Scripture – John 19:28

The public ministry of Jesus in the Gospel according to St. John begins in Cana of Galilee, at a wedding feast.  The thirsty guests run out of wine.            

Jesus and his disciples had also been invited to the wedding.
When the wine gave out, the mother of Jesus said to him,
they have no wine.  And Jesus said to her, Woman, what concern
is that to you and to me?  My time has not yet come.  His mother
said to the servants, Do whatever he tells you.  Now standing
there were six stone water jars for the Jewish rites of purification,
each holding twenty or thirty gallons.  Jesus said to them, Fill the
jars with water.  And they filled them up to the brim.  He said to them,
Now draw some out, and take it to the chief steward.  So, they took
it. When the steward tasted the water that had become wine, and
did not know where it came from (though the servants who had
drawn the water knew), the steward called the bridegroom and said
to him, Everyone serves the good wine first, and then the inferior
wine after the guests have become drunk.  But you have kept the
good wine until now.  (John 2: 2-10)

The public ministry of Jesus in the Gospel according to St. John concludes on a cross outside the city walls of Jerusalem on the site of a garbage dump.

… when Jesus knew that all was now finished, he said (in order
to fulfill scripture), I am thirsty.  A jar full of sour wine was
standing there.  So, they put a sponge full of the wine on a
branch of hyssop and held it to his mouth.  (John 19: 28-29)

Between the day in Cana when he provided superb wine until the final day when he tastes the sour wine, Jesus pours out all his heart, his soul, his mind and his strength in loving God and loving neighbor. 

Let us unpack a bit more his concluding words on the cross, I thirst.  In these words, he is fulfilling the text of Psalm 69: 20-21.

Reproach has broken my heart, and it cannot be healed;
I looked for sympathy, but there was none,
for comforters, but I could find no one.
They gave me gall to eat,
And when I was thirsty, they gave me vinegar to drink. 

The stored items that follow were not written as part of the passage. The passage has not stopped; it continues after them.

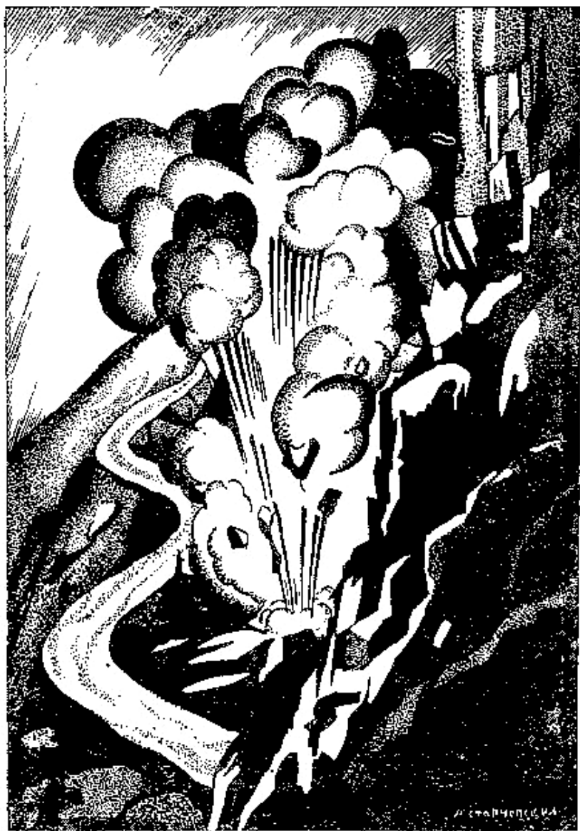
Ракета взорвалась, и скала над озером засияла, как солнце.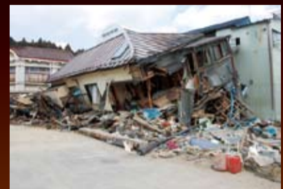
ツーバイフォー住宅を含め、木造住宅の多くが津波で破壊された。陸上部分で乗用車並みの速さを持つ津波の威力の前に、木造の柱は折れ曲がる。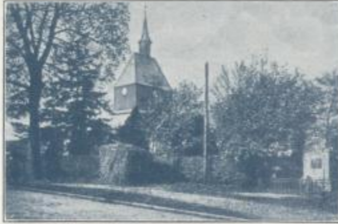
Wandlitz, Kirche und Denkmal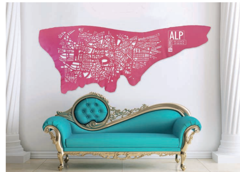
36°12'04"N 37°09'40"E ALEPPO - Syrie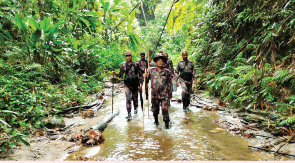
০২ জুলাই ২০২১ তারিখে অধিনায়ক, বাঘাইহাট ব্যাটালিয়ন (৫৪ বিজিবি) এর নেতৃত্বে গন্ডাছড়াপাড়া এবং করলাছড়াটিলা বিওপি'র মধ্যে যৌথ টহল পরিচালনার স্থিরচিত্র।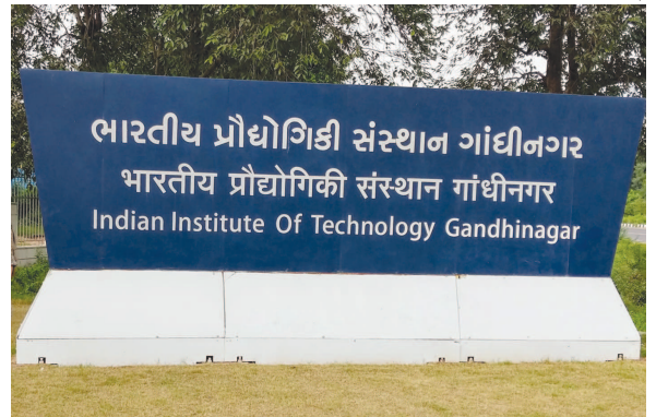
ભારતીય પ્રૌઘોગિકી સંસ્થાન ગાંધીનગર ભારતીય પ્રૌઘોગિકી સંસ્થાન ગાંધીનગર Indian Institute Of Technology Gandhinagar

ગાંધીનગર, તા. ૧૬ ભારતીય પ્રૌઘોગિકી સંસ્થાન ગાંધીનગરે (આઈઆઈટી ગાંધીનગર) એન્જિનિયરિંગ, સાયન્સ તેમજ હ્યુમેનિટીઝ અને સોશિયલ સાયન્સના તમામ ક્ષેત્રના તાજેતરના ડોક્ટરેટ્સ માટે આઈઆઈટી ગાંધીનગર અર્લી-કરિયર (આઈઆઈટીએન-ઈસીએફ) શરૂ કરી છે. આ ફેલોશિપ

Jesus is reconnecting with his words to Simon Peter in the garden of Gethsemane.  Remember the scene when Simon Peter pulls out his sword to defend Jesus and swipes the servant of the chief priest, cutting off his ear.  Jesus responds with

Put your sword back into its sheath.  Am I not to drink
the cup that the Father has given me?  (John 18: 10-11)

The ministry of Jesus is to give superb wine to all who thirsted.  The cup Jesus received in return is sour wine, is vinegar “put on a sponge on a branch of hyssop”.

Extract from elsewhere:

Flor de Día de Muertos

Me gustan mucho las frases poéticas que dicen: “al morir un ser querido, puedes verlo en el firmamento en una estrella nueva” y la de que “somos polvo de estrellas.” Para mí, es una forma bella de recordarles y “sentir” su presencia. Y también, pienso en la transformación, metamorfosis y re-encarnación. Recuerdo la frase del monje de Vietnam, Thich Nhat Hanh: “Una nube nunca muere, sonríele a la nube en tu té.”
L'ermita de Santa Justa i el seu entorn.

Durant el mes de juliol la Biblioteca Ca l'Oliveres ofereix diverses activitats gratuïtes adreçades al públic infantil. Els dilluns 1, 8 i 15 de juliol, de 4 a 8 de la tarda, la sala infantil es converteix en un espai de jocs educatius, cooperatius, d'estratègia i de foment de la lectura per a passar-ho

So, the question must be asked, for what is Jesus thirsting? 

For what is Jesus thirsting in his final moments on the cross?

I would say he is thirsting for the blessing, for the love, for the grace of God, for the superb wine of life.  In the midst of his unimaginable pain, with his dying breath, Jesus is one with us, Jesus is one of us.  For we, too, thirst for the blessing, thirst for the love, thirst for the grace of God. 

In the midst of a bridge collapse, in the midst of train derailments, in the midst of starvation in Africa and Gaza, in the midst of terrorism in Russia and Israel, in the midst of violence circling the planet, we thirst for God’s blessing, for God’s love, for God’s grace, for the superb wine of Cana. 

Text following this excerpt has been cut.